Chest Rigs: Part 2 – The Rigs of Today

Chest rigs of today are a more simplistic design than when first introduced. In this, the second part of our chest rig series, we continue from the (unoffical) history of the gear and continue looking forward on its design. The purpose of chest rigs today remains the same however, as a highly adaptable piece of equipment worn over a plate carrier, webbing, clothing, or other gear. It provides the flexibility and mobility that plate carriers do not, and weigh considerably less. The downside is chest rigs lack the protective value of a dedicated plate carrier, and since its design still constitutes a wrap around the upper torso, heat and moisture ventilation issues still persist.

Generally, chest rigs distill down into three basic categories; minimalist, standard, and heavy. The mission (or purpose) an end-user has often will determine the proper type of chest rig needed.


The role of a minimalist (or micro) chest rig is one that maintains the lowest visibility and/or bulk possible, while still affording the wearer some measure of resources needed. The minimalist chest rig is often concealed under an overgarment, simplistic in design and material, and favored by undercover or reconnaissance personnel and in insurgencies. The downside to a minimalist chest rig is often a sacrifice to comfort, with little-to-no padding in the shoulders or chest platform. Additionally, there is often no ability to adapt or scale a minimalist chest rig beyond its current design.


This category of chest rig is the mainstay of current chest rigs for civilians, law enforcement, and military alike.

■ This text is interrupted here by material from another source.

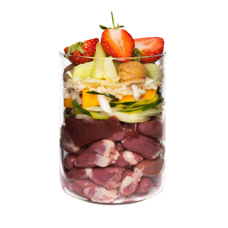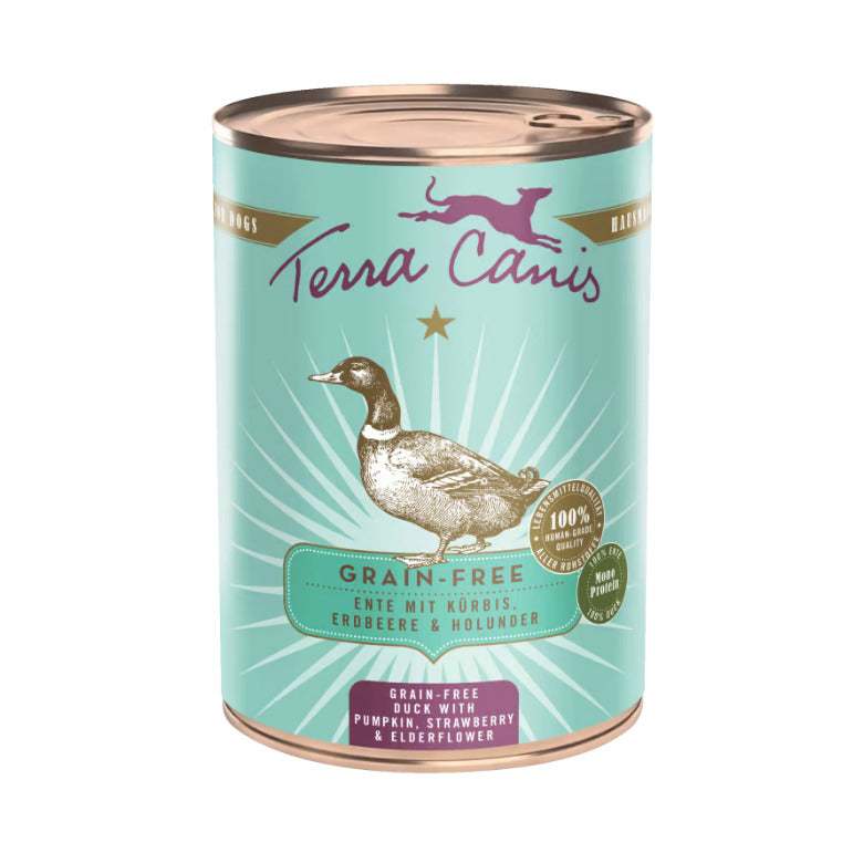 Corazón de pato (50 %), calabaza (12 %), zanahoria, higado de pato (6 %), calabacina, apio (5 %), melón, manzana, castaña (1,5 %), fresa (1 %), aceite de colza, concha de ostra*, levadura de cerveza*, flor de sauco* (0,4 %), semilla de psyllium*, perifollo*, diente de león*, arcilla mineral*, perejil*, sal de los Andes, algas marinas*, minerales*seco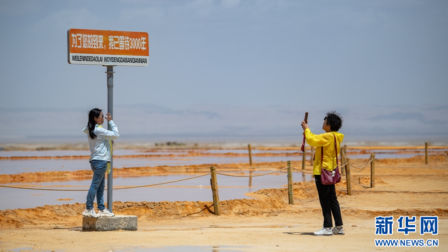 5月19日,專列游客在茫崖市翡翠湖景區游玩。

Worn independently or over a protective vest, carrier, or other equipment/clothing the standard chest rig allots for 2-4 rifle magazines, but has ample material or design to substitute/add other pouches or accessories as needed. More recently, the intent of some chest rig placards is to quickly detach from the shoulder straps (via slide-release buckles) and applied to plate carriers via hook-and-loop material between platforms. In most cases, this category of chest rig also includes those built around the renewed recce concept (thus being modular (i.e. a removable placard), and accommodating to a variety of platforms (AR and/or AK, 5.56 and/or 308 and/or 7.62×39)). The line between standard chest rigs and recce chest rigs is often subjective and one based more on its design to support a specific platform, or variances in more than one type.


A chest rig for heavy use is typically attributed to assault or expeditionary operations and are more reminiscent of the older RACK setup with extensive pouches around the torso for rifle, demo, or support items that support the wearer for extended periods of time. Heavy chest rigs can attach to supportive load bearing equipment quickly in addition to being stand-alone. But the downside to heavy chest rigs is its sheer bulk and weight has a direct and negative correlation to the performance of the wearer.

Chest Rig Features

Commonly, chest rigs today adhere to several major elements that are consistent in its overall design:

Placards are the central workspace for chest rigs. These elements were initially a fixed part of the shoulder straps, but more recently the placard can be removed from the straps and integrated onto a plate carrier. The size of the central placard (and how many magazines it will support) is directly related to which category of chest rig it would fall under.

Pouches on a chest rig can vary in number, size, and configuration. Generally, these are pouches that will support mission needs, be it ammunition, signal/comms, hydration, more weapons, etc. A variety of methods secure these items, and vary between hook-and-loop enclosures, shock cord retention, snap button, kydex, or nothing at all.

The shoulder harness of chest rigs can be either padded or unpadded depending on the design and function. However, the biggest variance in shoulder harnesses is between a X-pattern harness (whereby the harness crosses over the other, between the shoulder blades in the shape of an “X”), a H-pattern harness (where a connective fabric adjoins the two back shoulder straps in the shape of an “H”), or a hybrid (a loose combination between the X and H pattern—often with less connective material).

An adjustable waist strap secures the bottom portion of the chest rig (often the placard) around and to the waist, thus preventing the entire chest rig from flopping around unnecessarily.

Chest Rigs of Tomorrow

With the trajectory of tactical gear, and the re-emergence of recce, chest rigs are only gaining in popularity as a short-term alternative to plate carriers when on prolonged missions or for in training situations. But as conflicts have often proven the impetus to change—without that to drive the military into new waters, then the next level of innovation will likely come from civilian markets.

At SHOT Show the last few years a number of new chest rigs and elements have been introduced by Blue Force Gear, Spiritus Systems, Tactical Tailor, Direct Action, and more. Newer approaches include a “split” chest rig design, as well as newer materials in laminate nylon that are lighter and have a higher abrasion resistance than traditional materials. In all, the direction of chest rigs is almost an assured element to the overall kit, and one the individual will need to consider what purpose they want it to accomplish when selecting.

The “Chest Rigs” editorials are intended as an informative series and a continuation on other useful articles that include explanations to body armor, plate carriers, and common hardware to tactical gear. These editorials are not intended by High Ground Media to sway or convince the reader that one specific brand of gear is superior to all the others. In the end, the intent of this series is to provide the reader with a condensed and focused resource—nothing more.